- _Exercise objective_:
From the listing below, reproduce exactly the lines starting with the one with "Имеет спальню с" and going on through the one with "Blend shorts i", both ends kept. No picture is copied.

- _Data under study_:
++++

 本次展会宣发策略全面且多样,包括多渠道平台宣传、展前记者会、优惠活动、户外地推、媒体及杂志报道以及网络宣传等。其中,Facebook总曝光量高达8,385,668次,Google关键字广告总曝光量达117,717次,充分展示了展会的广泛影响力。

++++

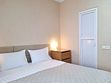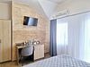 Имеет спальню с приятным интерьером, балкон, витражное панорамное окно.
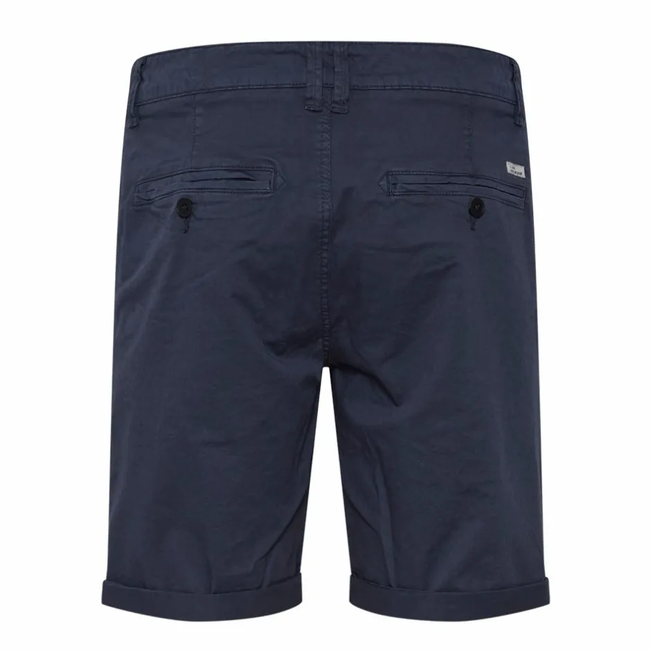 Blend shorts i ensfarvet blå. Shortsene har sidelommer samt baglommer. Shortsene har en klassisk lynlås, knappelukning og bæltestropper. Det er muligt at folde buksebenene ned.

++++

- _Your solution_:
 Имеет спальню с приятным интерьером, балкон, витражное панорамное окно.
 Blend shorts i ensfarvet blå. Shortsene har sidelommer samt baglommer. Shortsene har en klassisk lynlås, knappelukning og bæltestropper. Det er muligt at folde buksebenene ned.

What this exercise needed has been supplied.